Introduce linear root method in UpdateAllMirrorsWorker
What does this MR do and why?
In this MR we're introducing the linear version of the roots
scope for the UpdateAllMirrosWorker
. This changes is behind the feature flag linear_mirrors_worker_roots
.
How to setup and validate locally (strongly suggested)
-
Enable the new method behavior feature flag
Feature.enable(:linear_mirrors_worker_roots)
-
In rails console enable the traversal id feature flag and the linear root version feature flag:
Feature.enable(:use_traversal_ids_for_root_ancestor) Feature.enable(:use_traversal_ids)
-
The setting
should_check_namespace_plan
has to be set to true so::Gitlab::CurrentSettings.should_check_namespace_plan?
will return true. -
Run the following command in the Rails console to trigger the query:
UpdateAllMirrorsWorker.new.perform
SQL queries
The former SQL was:
SELECT "projects".*
FROM "projects"
INNER JOIN project_mirror_data import_state ON import_state.project_id = projects.id
INNER JOIN namespaces AS root_namespaces ON root_namespaces.id =
(WITH RECURSIVE "base_and_ancestors" AS (
(SELECT "namespaces".*
FROM "namespaces"
WHERE (id = projects.namespace_id))
UNION
(SELECT "namespaces".*
FROM "namespaces",
"base_and_ancestors"
WHERE "namespaces"."id" = "base_and_ancestors"."parent_id")) SELECT "id"

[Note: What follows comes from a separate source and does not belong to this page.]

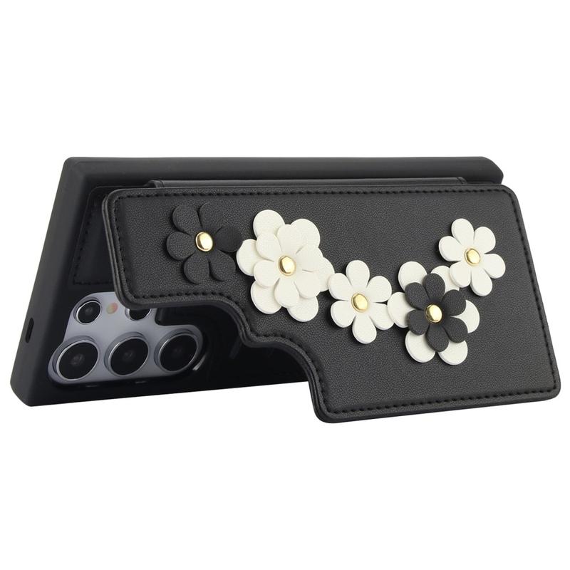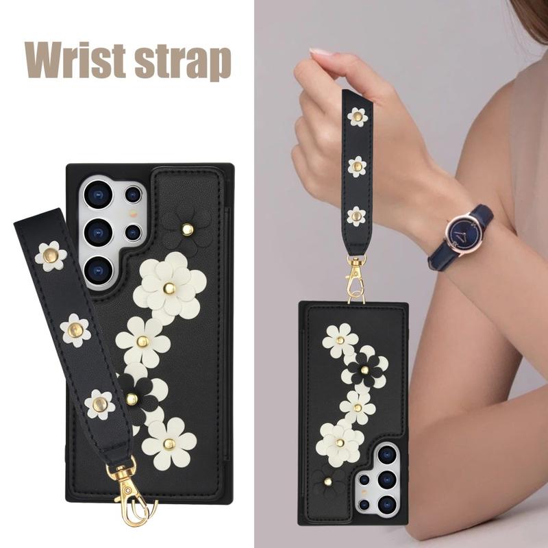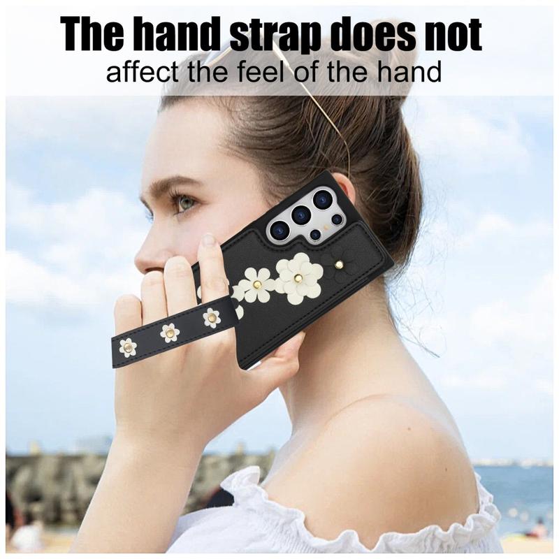 Blomsterdekorerat fodral med rem och kortfack för Samsung Galaxy S24 Ultra

FROM "base_and_ancestors" AS "namespaces"
WHERE "namespaces"."parent_id" IS NULL)
LEFT JOIN gitlab_subscriptions ON gitlab_subscriptions.namespace_id = root_namespaces.id
LEFT JOIN plans ON plans.id = gitlab_subscriptions.hosted_plan_id
WHERE "projects"."archived" = FALSE
AND "projects"."pending_delete" = FALSE
AND "projects"."mirror" = TRUE
AND "import_state"."status" NOT IN ('scheduled',
'started')
AND (import_state.next_execution_timestamp <= '2021-12-14 10:14:38.687048')
AND (import_state.retry_count <= 14)
AND (plans.name IN ('bronze',
'silver',
'premium',
'gold',
'ultimate',
'ultimate_trial',
'premium_trial')
OR projects.visibility_level = 20)
ORDER BY import_state.next_execution_timestamp
LIMIT 60
This is the query plan for the query and the times with warm caches are:
Time: 245.320 ms
- planning: 15.323 ms
- execution: 229.997 ms
- I/O read: 0.000 ms
- I/O write: 0.000 ms
Shared buffers:
- hits: 169248 (~1.30 GiB) from the buffer pool
- reads: 0 from the OS file cache, including disk I/O
- dirtied: 252 (~2.00 MiB)
- writes: 0
The new SQL is:
SELECT "projects".*
FROM "projects"
INNER JOIN project_mirror_data import_state ON import_state.project_id = projects.id
INNER JOIN namespaces AS root_namespaces ON root_namespaces.id =
(SELECT namespaces.traversal_ids[array_length(namespaces.traversal_ids, 1)] AS id
FROM "namespaces"
WHERE "namespaces"."id" IN
(SELECT DISTINCT "namespaces".traversal_ids[1]
FROM "namespaces"
WHERE (id = projects.namespace_id)))
LEFT JOIN gitlab_subscriptions ON gitlab_subscriptions.namespace_id = root_namespaces.id
LEFT JOIN plans ON plans.id = gitlab_subscriptions.hosted_plan_id
WHERE "projects"."archived" = FALSE
AND "projects"."pending_delete" = FALSE
AND "projects"."mirror" = TRUE
AND "import_state"."status" NOT IN ('scheduled',
'started')
AND (import_state.next_execution_timestamp <= '2021-12-14 10:22:18.636116')
AND (import_state.retry_count <= 14)
AND (plans.name IN ('bronze',
'silver',
'premium',
'gold',
'ultimate',
'ultimate_trial',
'premium_trial')
OR projects.visibility_level = 20)
ORDER BY import_state.next_execution_timestamp
LIMIT 60
This is the query plan and the times with warm caches are:
Time: 230.102 ms
- planning: 13.781 ms
- execution: 216.321 ms
- I/O read: 0.000 ms
- I/O write: 0.000 ms
Shared buffers:
- hits: 191935 (~1.50 GiB) from the buffer pool
- reads: 0 from the OS file cache, including disk I/O
- dirtied: 0
- writes: 0
MR acceptance checklist
This checklist encourages us to confirm any changes have been analyzed to reduce risks in quality, performance, reliability, security, and maintainability.
-
I have evaluated the MR acceptance checklist for this MR.
Related to #339457 (closed)